Exercise: Transcribe the records below from the first line to the line that includes "The Contigo 16", inclusive, and omit the pictures.

Dataset records:
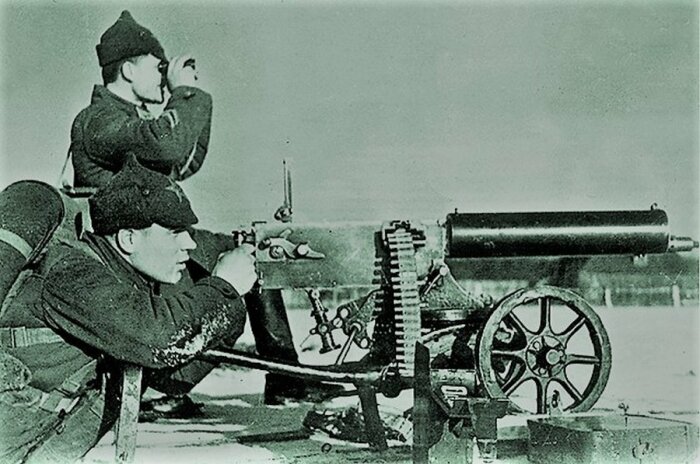Пришла традиция «пеленания» пулеметными лентами с флота. Первыми так стали делать морские пехотинцы, которые в то время отбирались из простых матросов и использовались для десантных операций. Тягать за собой патронные коробки при десантировании было очень неудобно. Впрочем, делали так не только в России. Австрийские, немецкие и французские солдаты также нередко заматывались в пулеметные ленты в годы Первой мировой войны.
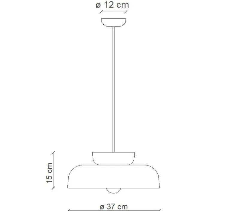 La suspension mesure 37 cm de diamètre et 15 cm de hauteur. La source lumineuse n’est pas fournie, nous recommandons une ampoule de type E27, 53W max.
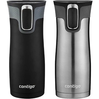 The Contigo 16 oz. West Loop Vacuum Insulated Stainless Steel Travel Mug 2-Pack is made for the modern movers, shakers, commuters, travelers and the urban explorer in all of us. This mug offers ultimate convenience with a spill-proof AutoSeal lid and an easy, one-handed push button. Your favorite beverages will stay piping hot for hours on your busiest days! AutoSeal technology is leakproof and spill proof. Thermalock vacuum insulation and BPA-free, stainless steel body. Drinks stay hot for up to 7 hours or cold for up to 18 hours. Fits most car cup holders. Lid is top-rack dishwasher safe; Hand wash body. Includes two travel mugs!
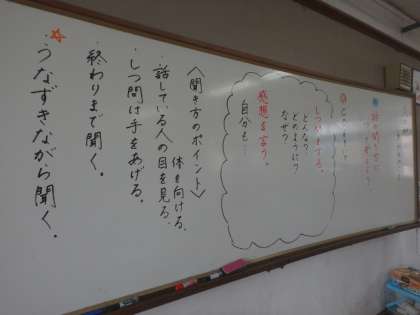 あるクラスのトークタイムの様子のCDを聞きながら,どのような話の聞き方がよいのかを考えました。子どもたちはよく聞き取ることができており,質問の中にも「どのように?」「どんな?」「なぜ?」を尋ねる質問があることに気付くことができました。
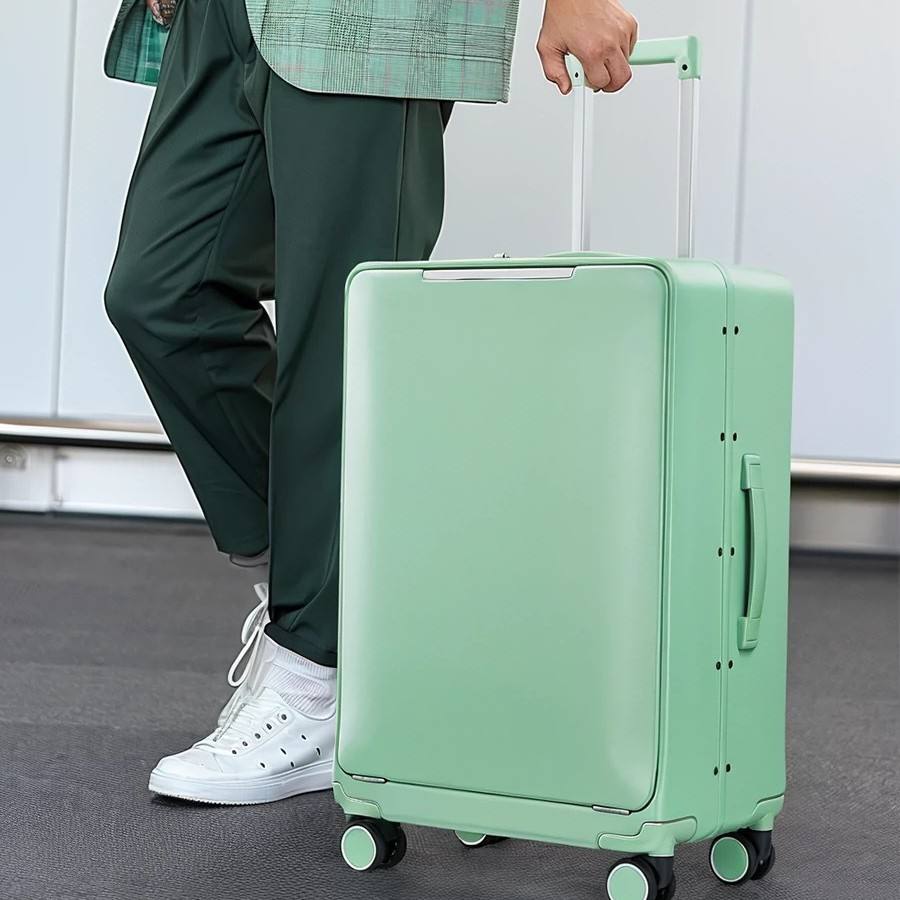 20-Inch Suitcase Front Open Silent Wheels Business Travel Unisex Light Green Solid Color Spring 2024

Task output:
Пришла традиция «пеленания» пулеметными лентами с флота. Первыми так стали делать морские пехотинцы, которые в то время отбирались из простых матросов и использовались для десантных операций. Тягать за собой патронные коробки при десантировании было очень неудобно. Впрочем, делали так не только в России. Австрийские, немецкие и французские солдаты также нередко заматывались в пулеметные ленты в годы Первой мировой войны.
 La suspension mesure 37 cm de diamètre et 15 cm de hauteur. La source lumineuse n’est pas fournie, nous recommandons une ampoule de type E27, 53W max.
 The Contigo 16 oz. West Loop Vacuum Insulated Stainless Steel Travel Mug 2-Pack is made for the modern movers, shakers, commuters, travelers and the urban explorer in all of us. This mug offers ultimate convenience with a spill-proof AutoSeal lid and an easy, one-handed push button. Your favorite beverages will stay piping hot for hours on your busiest days! AutoSeal technology is leakproof and spill proof. Thermalock vacuum insulation and BPA-free, stainless steel body. Drinks stay hot for up to 7 hours or cold for up to 18 hours. Fits most car cup holders. Lid is top-rack dishwasher safe; Hand wash body. Includes two travel mugs!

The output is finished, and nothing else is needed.